Grand Prix de Chantilly
- Class: Group 2
- Location: Chantilly Racecourse Chantilly, France
- Race type: Flat / Thoroughbred
- Website: france-galop.com

Race information
- Distance: 2,400 metres (1½ miles)
- Surface: Turf
- Track: Right-handed
- Qualification: Four-years-old and up
- Weight: 56 kg Allowances 1½ kg for fillies and mares Penalties 3 kg for Group 1 winners * 2 kg for Group 2 winners * 1 kg if two Group 3 wins * * since July 1 last year
- Purse: €130,000 (2022) 1st: €74,100

= Grand Prix de Chantilly =

Flat horse race in France

The Grand Prix de Chantilly is a Group 2 flat horse race in France open to thoroughbreds aged four years or older.

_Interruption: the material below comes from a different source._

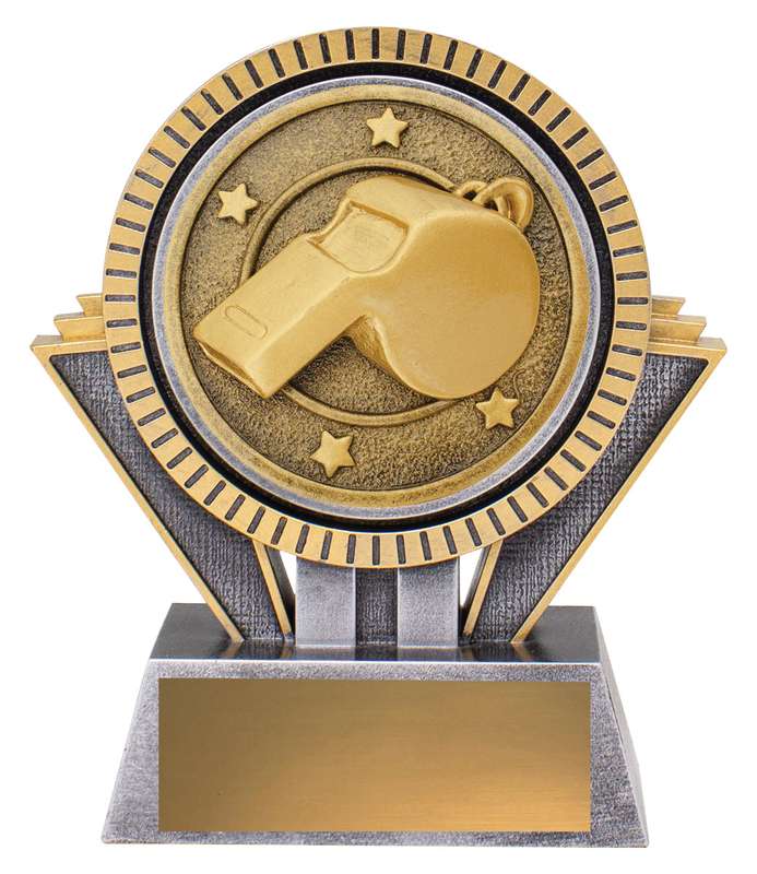 Exciting design of acrylic trophy showcases the gold theme for your sport or trophy. An affordable award with terrific space for your engraving.
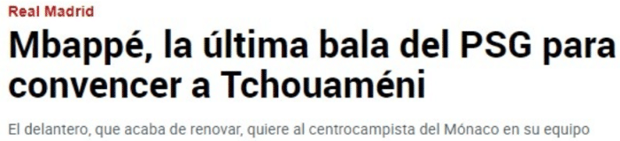 皇马在无缘引进姆巴佩后全力追求琼阿梅尼,但姆巴佩在续约并获得极大权力后,他也要求巴黎签下这名法国中场。现在,他已批准球队引进这名摩纳哥新星,姆巴佩和本泽马正在分别为巴黎和皇马说服琼阿梅尼加盟。

It is run at Chantilly over a distance of 2,400 metres (about 1½ miles), and it is scheduled to take place each year in late May or early June.

The event replaced the Grand Prix d'Évry, a race established when Évry Racecourse opened in 1973. It was run each year until the venue closed in 1996, and the present version was introduced at Chantilly in 1997.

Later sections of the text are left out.